> _Problem_
Exactly as they appear, copy the lines from the one holding "Name: Magic Mint" through the end of the records, leaving pictures out.

> _Input data_
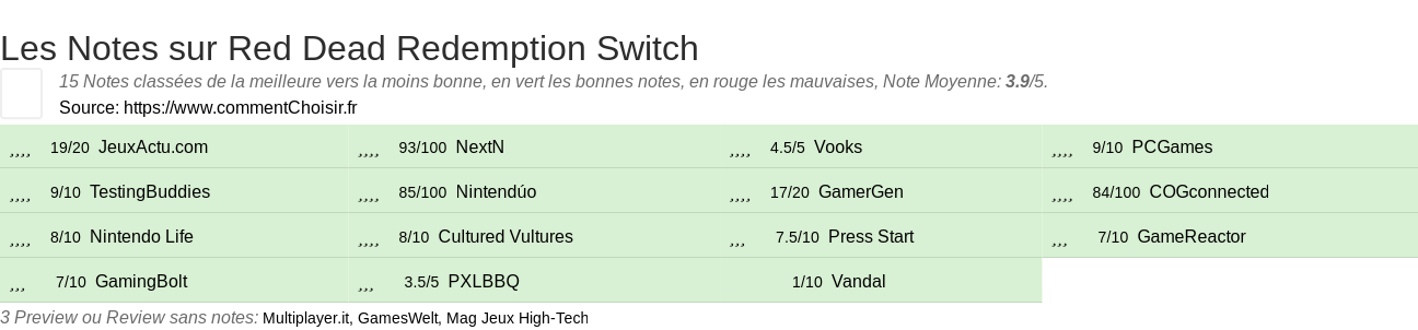 Les notes des sites et magazines internet peuvent etre peut-etre biaisés, au moins avec les avis client et des utilisateurs qui ont acheté Red Dead Redemption Switch sur amazon ou la fnac, on est sur d'avoir de vrais critiques sur ce produit. (les liens vers les magasins sont sponsorisés). Pour les jeux et quand cela est est possible nous listons aussi les notes moyennes sur les plateformes de consommateurs (comme IGDB)
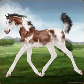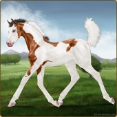Name: Magic Mint (PPP)Age: 0 Mare Color: Mahogany Bay Tobiano Sabino Breed: Thoroughbred Foal Rating: P/P/P |  |
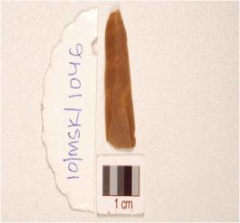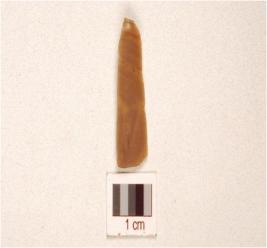 | Description / विवरण | Fragment of a chert blade with single ridge on dorsal, prominent bulb on ventral, use wear marks on working edges and trangular section. |
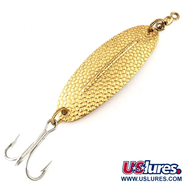 La finition Or martelé confère à ce classique canadien de 18 g (2/3 oz) une surface texturée et réfléchissante qui imite les écailles naturelles tout en captant la lumière sous plusieurs angles. D'une longueur de 8,2 cm (3 1/4"), ce Williams Wabler arbore la nervure longitudinale surélevée signature du fabricant — une caractéristique structurelle conçue pour maintenir la stabilité lors de diverses vitesses de récupération. Portant le code produit 12284, ce leurre illustre le placage de haute qualité qui fait la renommée de Williams, emblème de leur série la plus reconnue, souvent utilisée pour la pêche du brochet ou du sandre. L'armement de ce spécimen comprend un hameçon triple robuste fixé par un anneau brisé et un émerillon baril à l'avant pour limiter la torsion du fil. Évalué à 5/5, les surfaces métalliques et l'armement paraissent propres et bien conservés. Ce modèle 12284 représente une étape importante de l'histoire du matériel de pêche canadien, spécifiquement conçu pour offrir des performances constantes grâce à sa géométrie matricée unique.
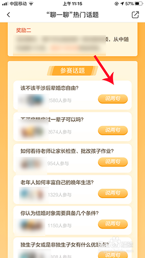 3.进入后选择标的目的上滑动,选择一个话题点击“说两句”。

> _Answer for the task_
Name: Magic Mint (PPP)Age: 0 Mare Color: Mahogany Bay Tobiano Sabino Breed: Thoroughbred Foal Rating: P/P/P |  |
 | Description / विवरण | Fragment of a chert blade with single ridge on dorsal, prominent bulb on ventral, use wear marks on working edges and trangular section. |
 La finition Or martelé confère à ce classique canadien de 18 g (2/3 oz) une surface texturée et réfléchissante qui imite les écailles naturelles tout en captant la lumière sous plusieurs angles. D'une longueur de 8,2 cm (3 1/4"), ce Williams Wabler arbore la nervure longitudinale surélevée signature du fabricant — une caractéristique structurelle conçue pour maintenir la stabilité lors de diverses vitesses de récupération. Portant le code produit 12284, ce leurre illustre le placage de haute qualité qui fait la renommée de Williams, emblème de leur série la plus reconnue, souvent utilisée pour la pêche du brochet ou du sandre. L'armement de ce spécimen comprend un hameçon triple robuste fixé par un anneau brisé et un émerillon baril à l'avant pour limiter la torsion du fil. Évalué à 5/5, les surfaces métalliques et l'armement paraissent propres et bien conservés. Ce modèle 12284 représente une étape importante de l'histoire du matériel de pêche canadien, spécifiquement conçu pour offrir des performances constantes grâce à sa géométrie matricée unique.
 3.进入后选择标的目的上滑动,选择一个话题点击“说两句”。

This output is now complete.